No pictures, please. Copy exactly the lines from the one with "The Deal (with" through the final line below.
------ Provided material
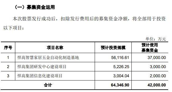 本次IPO,公司拟公开发行股票的数量不超过4001万股,占发行后总股本的比例不低于10%,保荐机构为国泰君安证券。其预计使用募集资金4.2亿元,募资资金将投入悍高智慧家居五金自动化制造基地、悍高集团研发中心建设项目等。
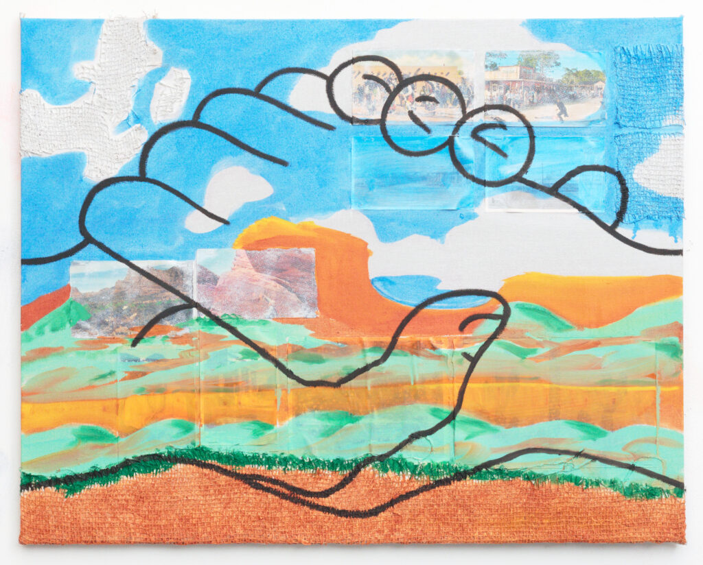 The Deal (with Maynard Dixon). Oil on canvas with burlap and assorted postcards from the American Southwest; 24 x 30 inches; 2024.
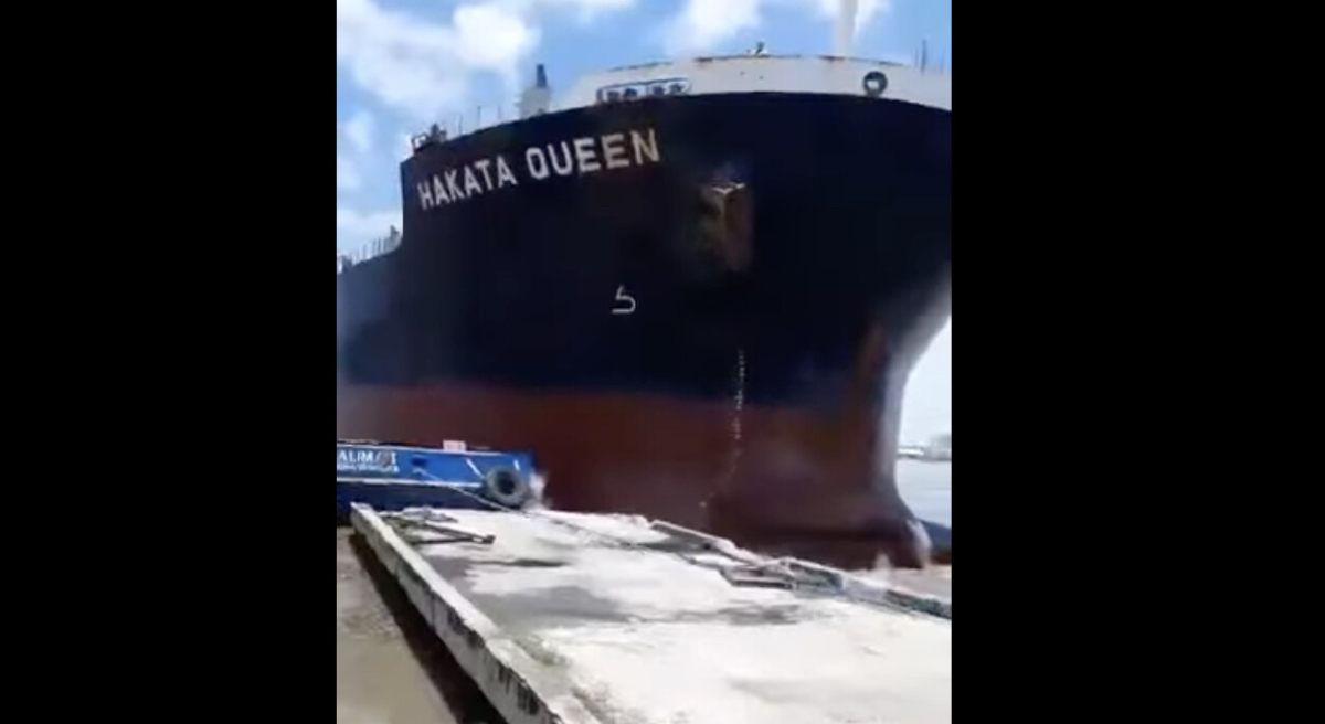 I fredags morse förlorade bulkfartyget Hakata Queen kontrollen i Barranquilla Port, Colombia. Klippet nedan som är filmat med mobil visar hur fartyget driver i sidleds och till slut rammar piren med full kraft.
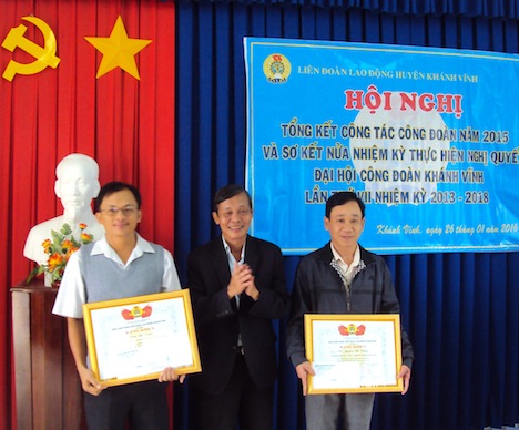Với những thành tích đạt được, LĐLĐ tỉnh tặng bằng khen cho 4 tập thể và 2 cá nhân; LĐLĐ huyện Khánh Vĩnh tặng giấy khen cho 10 tập thể và 12 cá nhân đã có thành tích xuất sắc trong phong trào thi đua xây dựng cơ quan và tổ chức Công đoàn vững mạnh năm 2015.
------------
__Task output__
 The Deal (with Maynard Dixon). Oil on canvas with burlap and assorted postcards from the American Southwest; 24 x 30 inches; 2024.
 I fredags morse förlorade bulkfartyget Hakata Queen kontrollen i Barranquilla Port, Colombia. Klippet nedan som är filmat med mobil visar hur fartyget driver i sidleds och till slut rammar piren med full kraft.
Với những thành tích đạt được, LĐLĐ tỉnh tặng bằng khen cho 4 tập thể và 2 cá nhân; LĐLĐ huyện Khánh Vĩnh tặng giấy khen cho 10 tập thể và 12 cá nhân đã có thành tích xuất sắc trong phong trào thi đua xây dựng cơ quan và tổ chức Công đoàn vững mạnh năm 2015.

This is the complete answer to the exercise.